While the general recommendations for SAXS measurements obtained here are in line with established guidelines, we note that the quantitative analysis of variance can serve as a diagnostic for experimentalists to test and improve their measurements. Importantly, under all conditions investigated here, our model accurately describes the experimental errors with appropriately chosen parameters (Fig. 5 ▸, solid lines; parameters are given in the figure legend; see Fig. S6 and Table S1 for data on additional proteins).

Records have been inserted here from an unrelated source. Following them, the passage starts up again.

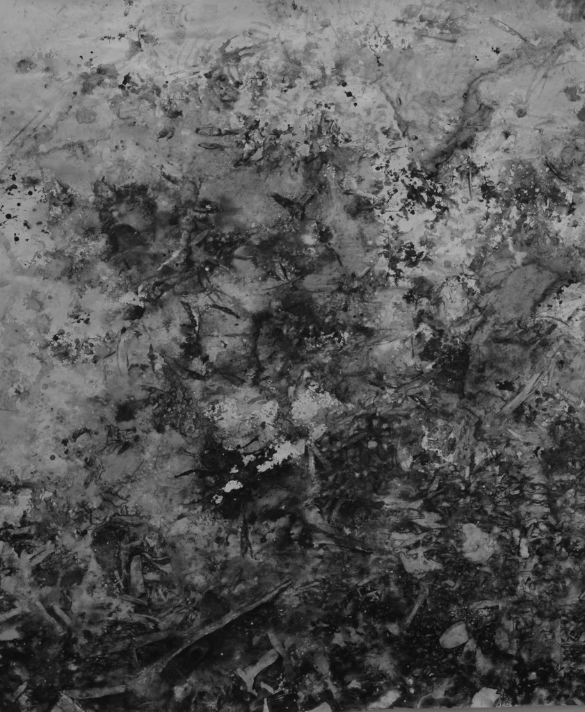 Tekening, gemengde technieken. Inkt, houtskool,potlood,acrylverf en aarde op papier. Groot formaat. Ingelijst met passe-partout.
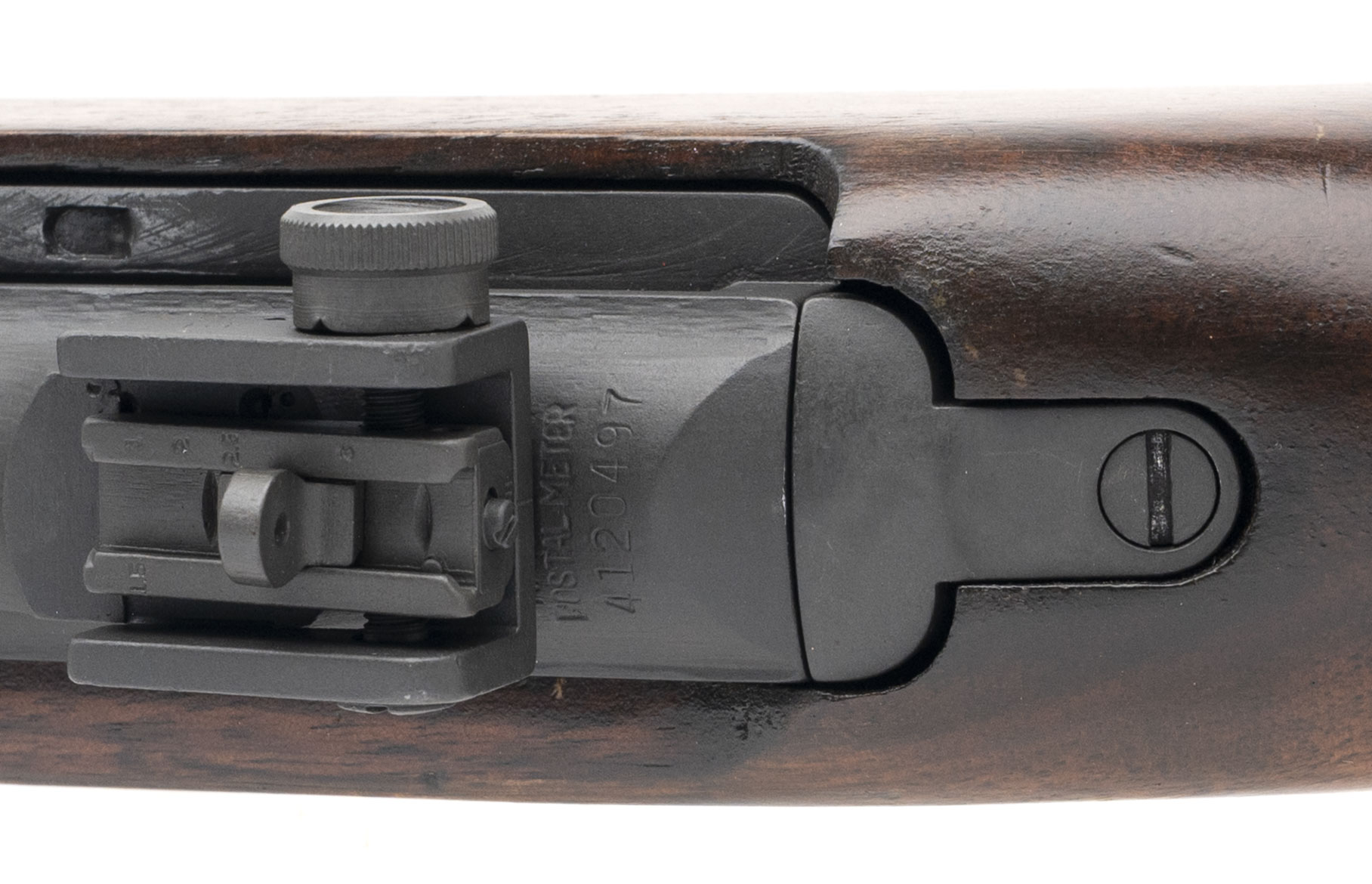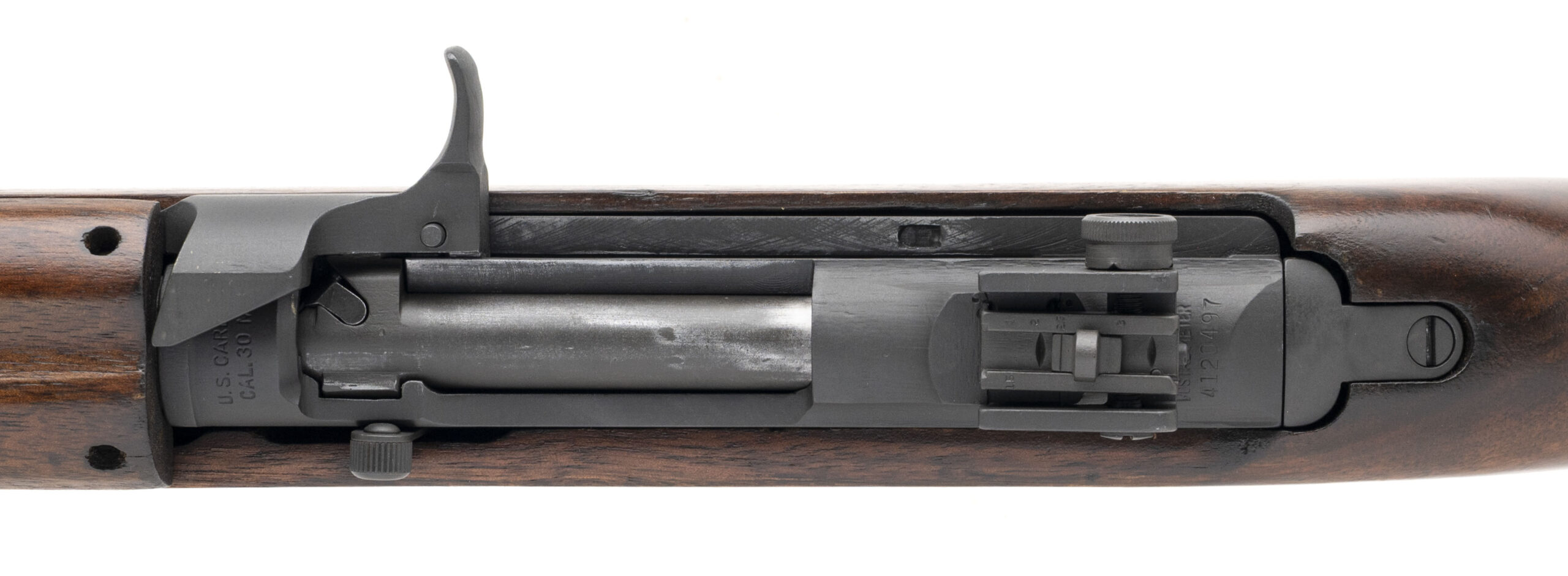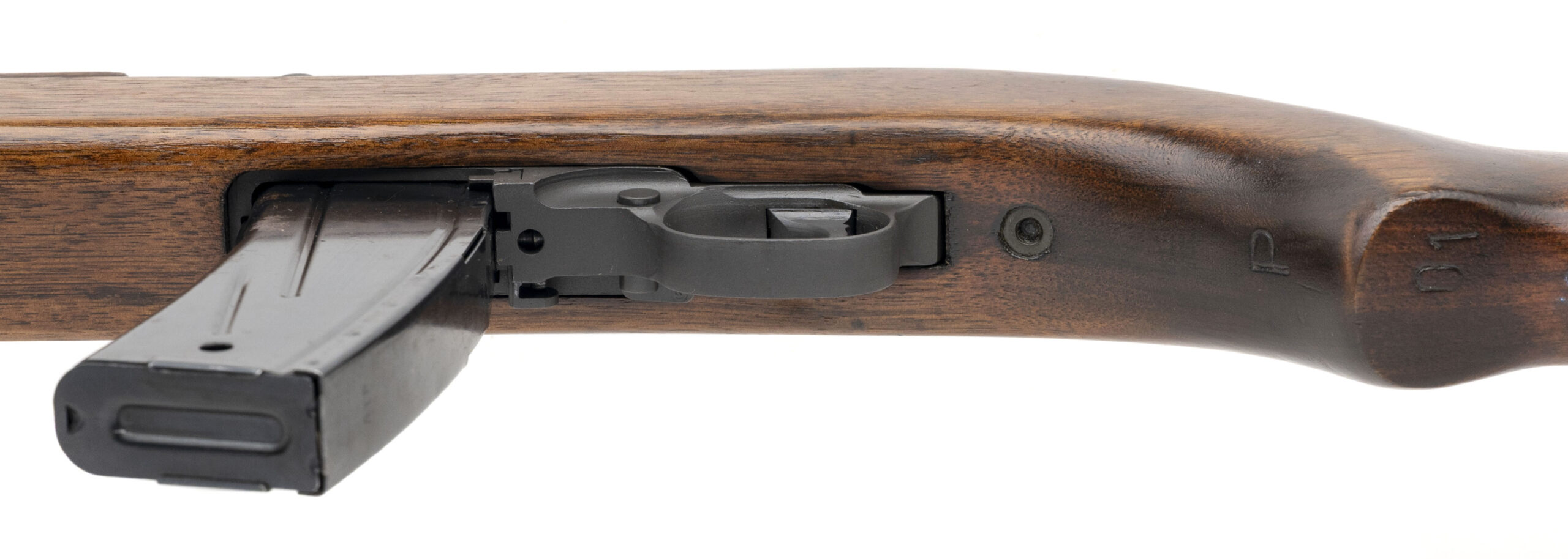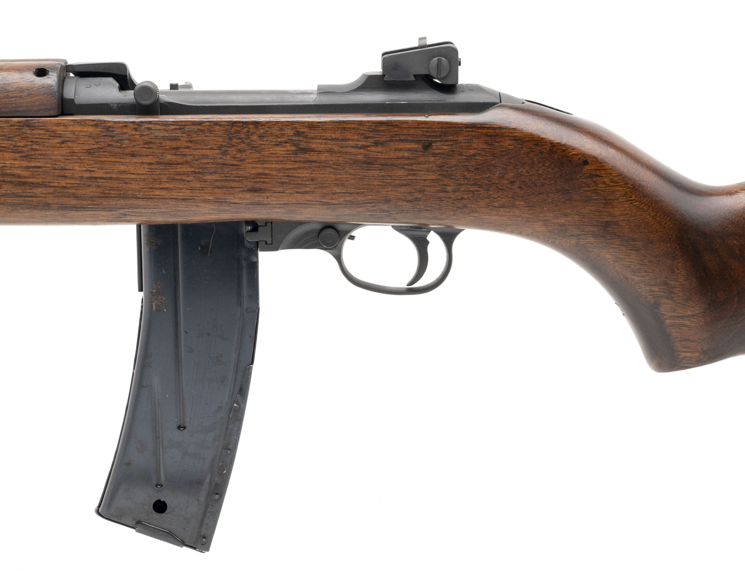 Serial No. 4120497, manufactured in late 1943, .30 Carbine, 18-inch round barrel dated 10-43. Bore is bright and shiny with strong rifling. Although it was made during World War II, this carbine was put through a post war arsenal level service life extension program rebuild, & that is why it is now equipped with a milled adjustable rear sight assembly, a flip safety, an M2 magazine release, an M2 round bolt & a Type 3 bayonet lug barrel band. An M2 disconnector that was registered by Sendra is in the gun & converts it to a transferable NFA machine gun. The M2 potbelly low wood oval cut stock remains in very good condition with light handling wear noted. Action is smooth and functions correctly. Comes with a spare M2 trigger group with an auto sear, M2 trigger & M2 hammer already installed. CLASS III ITEM / ALL NFA RULES APPLY.
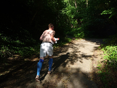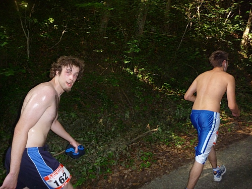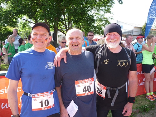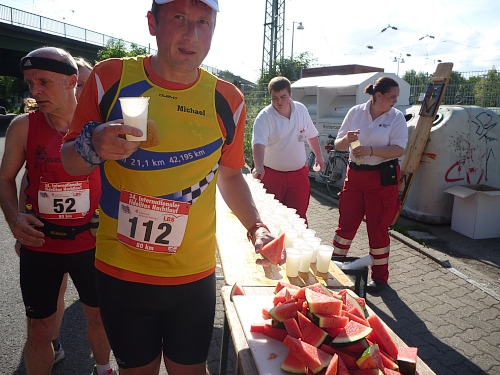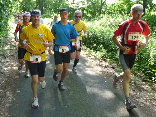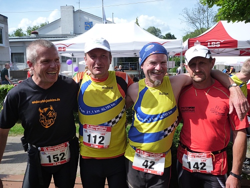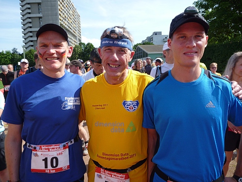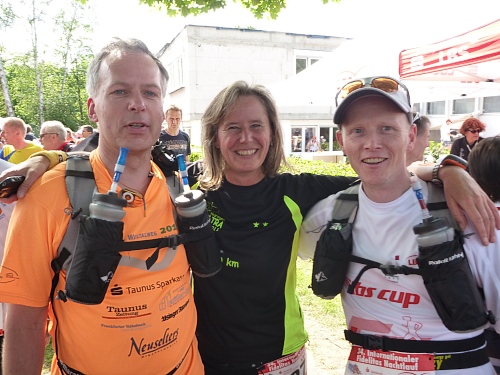 Nach zwei Stunden treffe ich auf Dennis, Stevo und Felix. Mir fallen die drei Jungspunte mit freiem Oberkörper auf, weil sie total unbelastet rumhüpfen. Die Drei laufen ihren ersten Ultra. „Wieviel Marathons seid Ihr denn schon gelaufen?“ „Einen!“ lautet die Antwort. Ein bißchen erzieherisch ist es schon, als ich den Newcomern die kommenden Qualen der Nacht aufzähle. Hätte aber nie geglaubt, dass auch nur einer von denen ankommen würde. Nach dem Blick in die Finisherliste empfinde ich ein wenig väterlichen Stolz, dass ich solche Recken kenne.

3.6. Experimental errors from independent repeat measurements
So far our analysis has focused on the errors encountered in measurements of a single aliquot of sample solution, albeit consisting of multiple exposures and using properly matched buffer measurements. We note that, while it is good practice to record multiple exposures to check for radiation damage and to carry out control measurements with dilutions of the same sample solution stock to test for interparticle interference and aggregation effects, it is common to use the buffer-subtracted scattering profile from a single aliquot of sample solution in subsequent SAXS analyses. Nonetheless, it is instructive to determine the level of variation encountered in independent repeat measurements (each involving multiple exposures and buffer subtraction) of aliquots drawn from the same stock solution (sometimes called ‘technical repeats’) or even repeat measurements of independently prepared stock solutions (often called ‘biological repeats’) (Krzywinski et al., 2014 ▸). In particular, for high-flux synchrotron sources where the counting errors can be minimized (Fig. 5 ▸), we expect the variability from technical repeats or, ultimately, independent biological repeats to provide a more realistic assessment of the true measurement error.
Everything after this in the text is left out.